U.S. presidential election, 1940

From Academic Kids

Presidential electoral votes by state.
Presidential electoral votes by state.

The U.S. presidential election of 1940 was fought in the shadow of World War II, which had started the previous September. The continuing crisis in Europe made voters desire a strong and experienced president, so incumbent President Franklin D. Roosevelt broke with tradition and ran for a third term as president. This, in turn, would lead to the passage of the 22nd Amendment, limiting presidents to two terms.



Democratic Party nomination

Roosevelt dithered about whether to run for a third term, but there was strong Democratic support for it and he chose to accept the nomination.

At the national convention, he decided against allowing Vice President John Nance Garner to be renominated as his running mate and instead chose Henry A. Wallace, his Secretary of Agriculture, to be the vice-presidential nominee. Wallace, a former Bull Moose Republican, was strenuously opposed by many at the convention, particularly the more conservative Southern Democrats, but Roosevelt threatened to withdraw from the ticket if Wallace was rejected, and opposition quickly faded.

Republican Party nomination

Going into the 1940 Republican National Convention, held in Philadelphia, Pennsylvania, the three "main" candidates for the nomination were considered to be Senators Robert Taft of Ohio and Arthur Vandenberg of Michigan and Thomas E. Dewey, the "gangbusting" District Attorney from Manhattan. All three men had campaigned vigorously during the primary season, but only 300 of the 1,000 convention delegates had been pledged to a candidate by the time the convention opened. This left an opening for a dark horse candidate to emerge during the proceedings.

That was exactly what happened when, at the convention, a Wall Street-based industrialist named Wendell Willkie, who had never before run for public office, emerged as the nominee. Willkie, a former Democrat who had been a Roosevelt delegate at the 1932 Democratic National Convention, had been considered an unlikely choice when he had begun his campaign only a few months before, and his meager showings in various Gallup polls seemed to bear this view out.

As the convention began, however, Willkie quickly emerged as an estimable force.
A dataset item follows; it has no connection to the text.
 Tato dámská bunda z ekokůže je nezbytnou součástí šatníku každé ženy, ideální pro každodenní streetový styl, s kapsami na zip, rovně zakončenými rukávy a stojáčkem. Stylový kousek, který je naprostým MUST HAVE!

Hundreds of thousands, perhaps as many as one million, telegrams urging support for Willkie arrived in Philadelphia, many of them from "Willkie Clubs" that had sprung up across the country. At the convention itself, keynote speaker Governor Harold Stassen of Minnesota, a popular figure in the party who, many felt, would have been a strong compromise candidate had he been old enough, came out publicly for Willkie and became his official floor manager. As the convention continued, hundreds of Willkie supporters packed the upper galleries of the convention hall. As the Dewey and Taft delegates quickly deadlocked and the delegates belonging to "favorite son" candidates were released, these supporters' loud cries of "We want Willkie" began to swing the balloting in Willkie's favor. Finally, on the sixth ballot, he received the needed majority of delegates and won the nomination.
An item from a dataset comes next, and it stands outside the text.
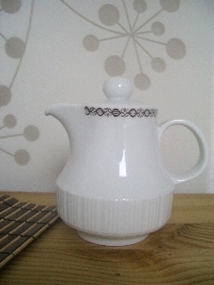 デンマークで見つけました。こちらは旧東ドイツのメーカーのCORDITZの、小さな柄がなんともかわいらしいミニポットです。キッチンで1杯カップにお茶を入れて、このポットには2杯目を・・・。何度もお店に足を運んで、手に取っては置いて帰ってたのですが、やっぱりこのつまみや縁取りに使われている小さなデザインが可愛すぎて、遂に購入して来ました!お料理のたれやソースを入れてテーブルに出してもいいですね! ★製造時からの小さな気泡の跡のようなものが2箇所見られますが、気にならない程度です。欠け、ヒビはありません。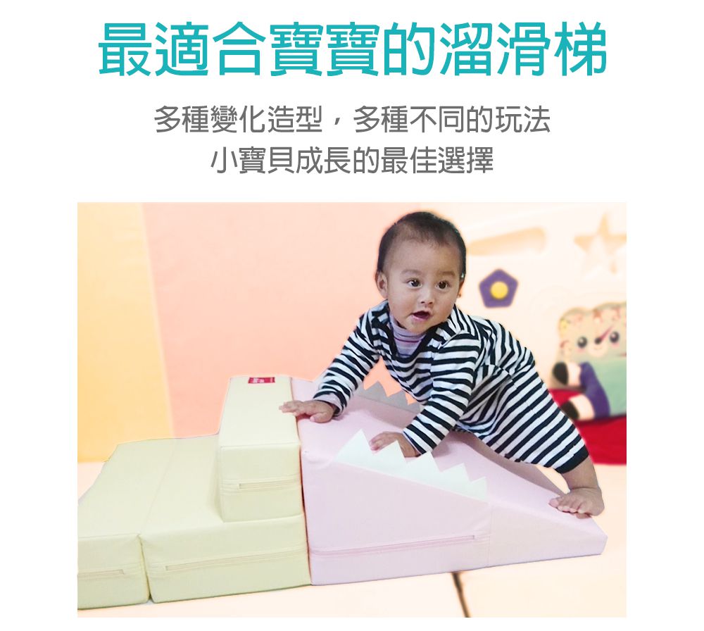 在家也能打造孩子的遊樂園!六個月以上就可以開始玩的溜滑梯,不但能訓練肌力發展,也能變成根據孩子身高調整的小椅子喔!

Having given little thought to who he would select as his vice-presidential nominee, Willkie left the decision up to convention chairman Joe Martin, who suggested Senate Minority Leader Charles L. McNary of Oregon. Despite the fact that McNary had spearheaded a "Stop Willkie" campaign late in the balloting, the candidate picked him to be his running mate and McNary was nominated by acclamation.

General election


Willkie campaigned against the New Deal and the government's lack of military preparedness. During the election, Roosevelt preempted the military issue by expanding military contracts. Willkie then reversed his approach and accused Roosevelt of warmongering. On election day Roosevelt received 27 million votes to Willkie's 22 million, and in the Electoral College, Roosevelt defeated Willkie 449 to 82.

The election was held on November 5, 1940.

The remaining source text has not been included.